Thanks to Toomas, Bronkoo, Keith, Marcel, and Bill for all the suggestions
to get this pool rescued - I had to use all of the mentioned options !

Especially the ddrescue disk clone tip from Keith was worth a ton of gold,
since that saved me in the very last moment from loosing the whole pool.
Cloned, checked the label directly before exchange for matching TXGs
again, and the exchange went smoothly, the label got updated correctly.

Indeed, after that I lost another 2nd disk in a vdev, and this time
that gave me 35k errors (interestingly, the pool didn't block), but all
except one single file was recoverable ! All in all 4 disks died in that
process, and 4 additional disks are considerably broken, but luckily all
spreaded across the vdevs, so no immediate problem if they fail now.

I started backup copy operations immediately, (despite the resilvering pool)
which are still ongoing, as there are 200 TB to save to a space I had to find
first, since we have no backup facility of that size affordable (the data
was ment to be in a temporary state that would be transformed and transferred to
an archive later, but it lasted a bit too long on that pool), so a bit of
begging and convincing central operations staff was necessary ...

As I can't 'zpool replace' the rest of the broken disks since the
broken expander chip causes all other disks to spit errors as hell,
I would go down the ddrescue path again to clone and directly replace
those disks, that seems to be a recommendable practice in such cases,
as the rest of the vdev disks are not accessed, but pool writes should be
strictly supressed during such an operation to have consistent TXGs.

I also found that when a disk replacement goes wild very early, its
the best thing to immediately pull the replacement and put back in
the disk to be replaced. That saved me from loosing all, in another
event.

Since the machine (an 8 year old DataOn CIB-9470V2 dual node
storage server) now also has failing 12V/5V power rails, that one
has to go now. Trying to get an all-flash dual node one, the NVME
ones are now in a reachable-for-us price region, and would be MUCH
faster.

So these are the essential lessons learned from this experience:

1.-10. BACKUP, if you can ...

11. Nothing is as permanent as temporary data ...

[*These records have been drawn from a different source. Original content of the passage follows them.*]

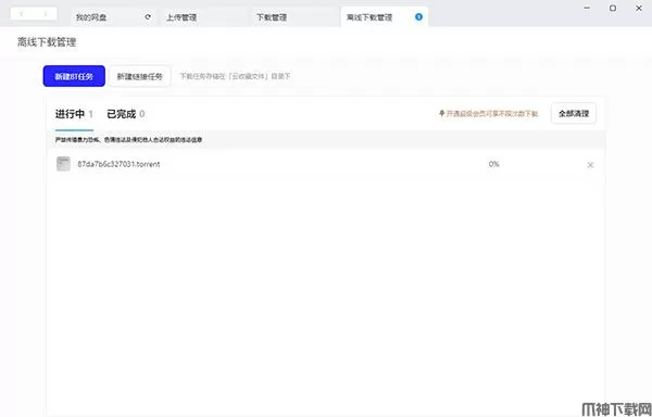 2、点击离线下载管理,选择新建链接或新建BT任务;
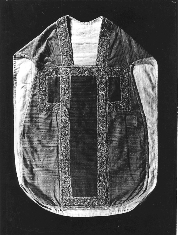 Pianeta in seta rossa con decorazione applicata in fili d'oro e d'argento, a volute ed elementi vegetali
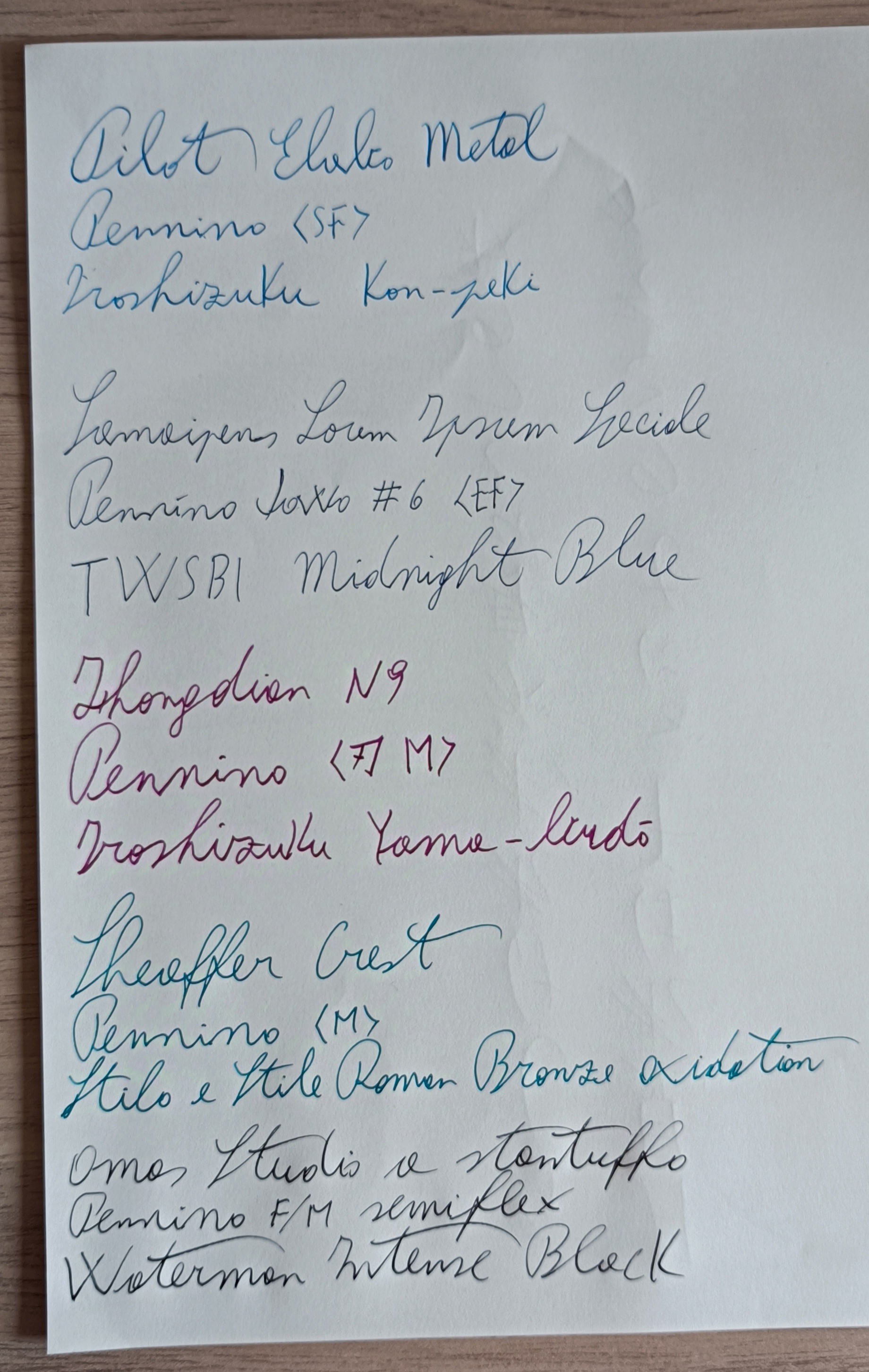 Ecco qualche riga con le mie penne inchiostrate al momento
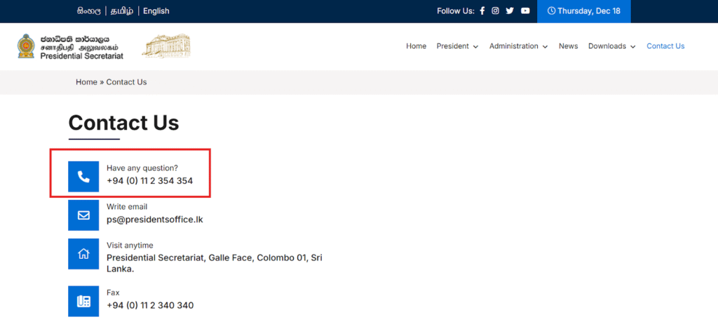 📞 ஜனாதிபதி செயலகம்:

12. Check your disks health regularly, either smartmontools or a
     regular, but not too often applied scrub. Disk problems seem
     to often pile up silently, causing havoc and desaster when a
     more serious, but otherwise recoverable event arises.

13. In case of a 2nd disk failure in a vdev on the rise, clone the
     the worst one (or the one that is still accessible) before the
     fatal failure of both disks. smartmontools are your friend.

14. Do not export a failing pool. If you have to export, try all
     measures to get it into an easily recoverable state before.
     And do not switchoff the machine in panic.

15. Stop a disk replacement immediately if that goes downhill early.

16. Be patient. Let ZFS do its thing. It does it well.

17. ZFS rocks, it's simply the safest place on earth for your data !

Thanks again for all that valuable help !
-- 
Dr.Udo Grabowski  Inst.of Meteorology & Climate Research IMK-ASF-SAT
https://www.imk-asf.kit.edu/english/sat.php
KIT - Karlsruhe Institute of Technology          https://www.kit.edu
Postfach 3640,76021 Karlsruhe,Germany T:(+49)721 608-26026 F:-926026


[-- Attachment #2: S/MIME Cryptographic Signature --]
[-- Type: application/pkcs7-signature, Size: 5804 bytes --]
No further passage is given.